BEGIN Information provided
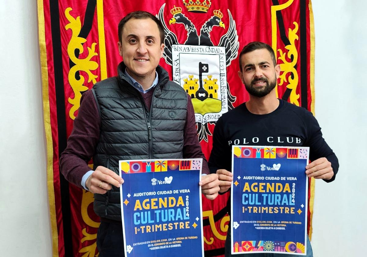 El alcalde de la localidad Alfonso García Ramos y el concejal de cultura Antonio Jesús Soler Castaño, muestran su compromiso con una programación de calidad para todos los públicos y animan a participar y a disfrutar de esta amplia oferta cultural y de ocio, que acogerá el Auditorio de Vera, durante los meses de enero, febrero y marzo, con representaciones que incluyen música, artes escénicas, charlas formativas, humor y teatro.
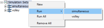 - Right-click on the Simulation Sets branch and select Run, then select the name of a defined simulation set.
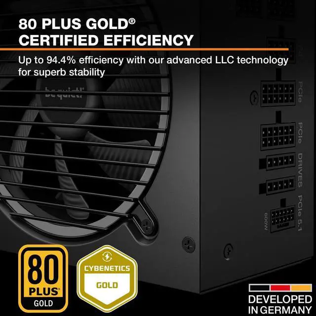 80 PLUS GOLD CERTIFIED Pure Power 13 M 750W is certified 80 PLUS Gold with an outstanding efficiency rating of up to 94.3%. The most compelling benefit: lower power consumption, consequently lower costs, and above all a cooler as well as quieter operation. Pure Power 13 M 750W is always the correct choice for quiet systems and gaming PCs!
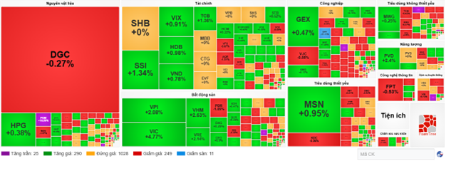 Green dominated among VN30 stocks, with VIC, VHM, TCB, and LPB supporting the market by contributing over 9.9 points to the index. Conversely, FPT, VNM, VJC, and DGC faced selling pressure, reducing the index by nearly 2 points.
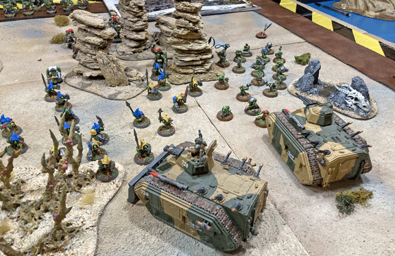 (IMPERIAL VOXCAST ( 3 977 743.M41)—More than 100,000 orks are battling among themselves in the ruins of the ork-held Tarak Mines, military authorities report. The fighting has been under way for nearly six days, and authorities are saying that this ork-on-ork battle likely indicates a serious challenge to […]
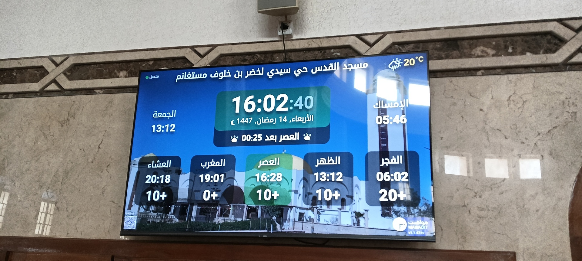 Entre l'adhan et iqama, et après chaque prière, des rappels et invocations sont affichés. Un hadith du prophète "que la prière d'Allah et son salut soient sur lui" est également affiché toutes les 5 min
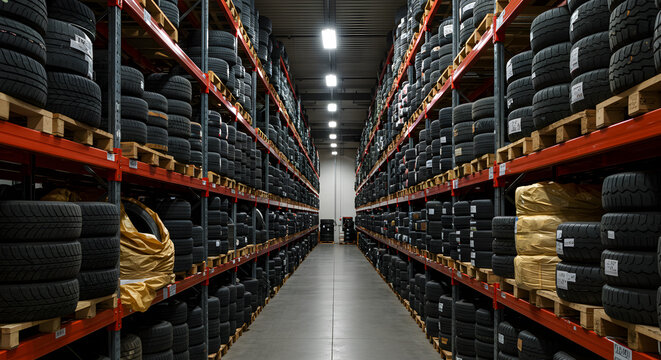 Warehouse Interior View Full of Stacks of New Black Tires on Red Racks and Wooden Pallets Storage with Gray Aisle and Organized System
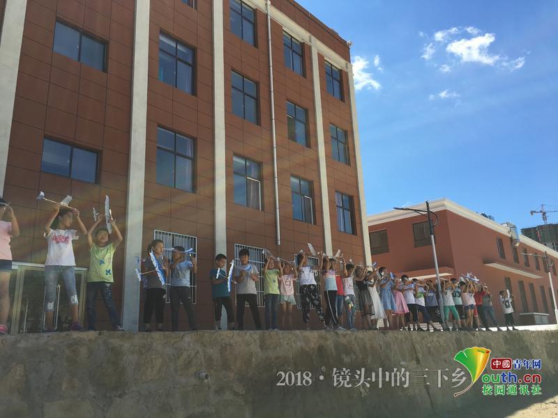 图为同学们把自己的心愿写在了飞机上,手举带着自己梦想的飞机模型和支教老师合影留念。孩子们的脸上都洋溢着开心的笑容。中国青年网通讯员 孙璐 摄
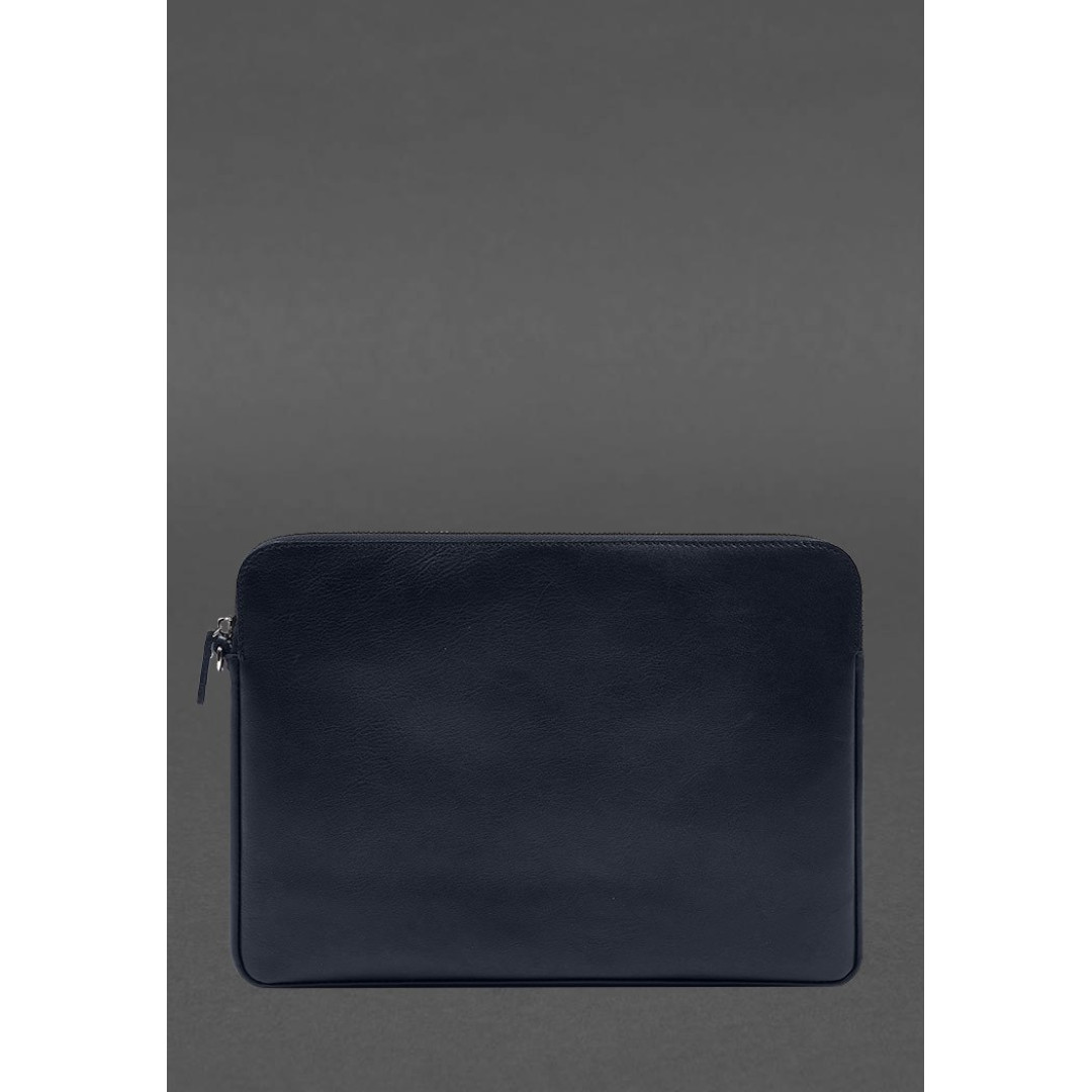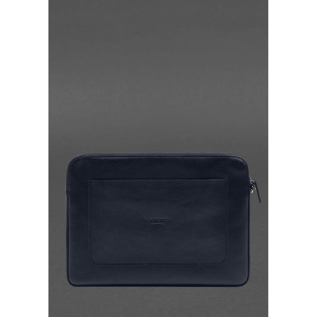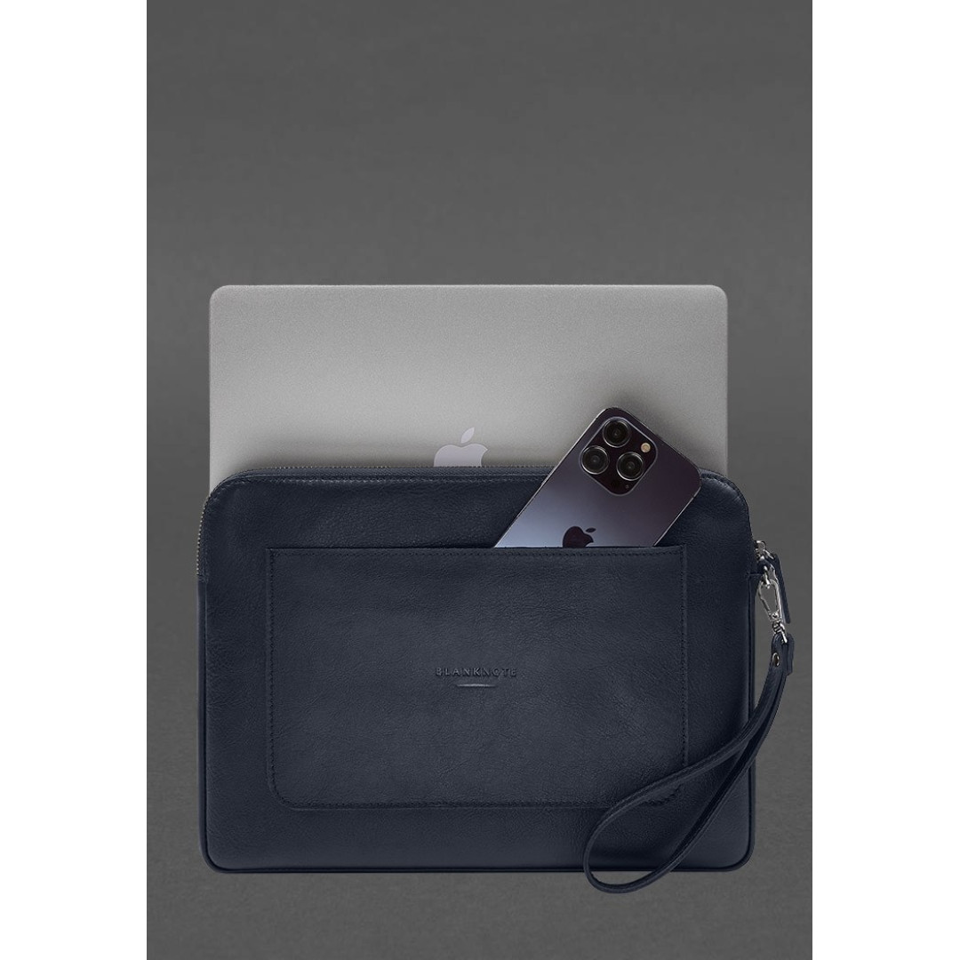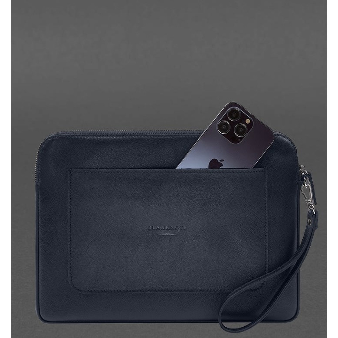 Кожаный чехол для ноутбука на молнии с карманом и петлей на руку BlankNote в синем цвете.
END Information provided
## Task requirements
Without the pictures, return each entry exactly as given.

## Answer space
 El alcalde de la localidad Alfonso García Ramos y el concejal de cultura Antonio Jesús Soler Castaño, muestran su compromiso con una programación de calidad para todos los públicos y animan a participar y a disfrutar de esta amplia oferta cultural y de ocio, que acogerá el Auditorio de Vera, durante los meses de enero, febrero y marzo, con representaciones que incluyen música, artes escénicas, charlas formativas, humor y teatro.
 - Right-click on the Simulation Sets branch and select Run, then select the name of a defined simulation set.
 80 PLUS GOLD CERTIFIED Pure Power 13 M 750W is certified 80 PLUS Gold with an outstanding efficiency rating of up to 94.3%. The most compelling benefit: lower power consumption, consequently lower costs, and above all a cooler as well as quieter operation. Pure Power 13 M 750W is always the correct choice for quiet systems and gaming PCs!
 Green dominated among VN30 stocks, with VIC, VHM, TCB, and LPB supporting the market by contributing over 9.9 points to the index. Conversely, FPT, VNM, VJC, and DGC faced selling pressure, reducing the index by nearly 2 points.
 (IMPERIAL VOXCAST ( 3 977 743.M41)—More than 100,000 orks are battling among themselves in the ruins of the ork-held Tarak Mines, military authorities report. The fighting has been under way for nearly six days, and authorities are saying that this ork-on-ork battle likely indicates a serious challenge to […]
 Entre l'adhan et iqama, et après chaque prière, des rappels et invocations sont affichés. Un hadith du prophète "que la prière d'Allah et son salut soient sur lui" est également affiché toutes les 5 min
 Warehouse Interior View Full of Stacks of New Black Tires on Red Racks and Wooden Pallets Storage with Gray Aisle and Organized System
 图为同学们把自己的心愿写在了飞机上,手举带着自己梦想的飞机模型和支教老师合影留念。孩子们的脸上都洋溢着开心的笑容。中国青年网通讯员 孙璐 摄
 Кожаный чехол для ноутбука на молнии с карманом и петлей на руку BlankNote в синем цвете.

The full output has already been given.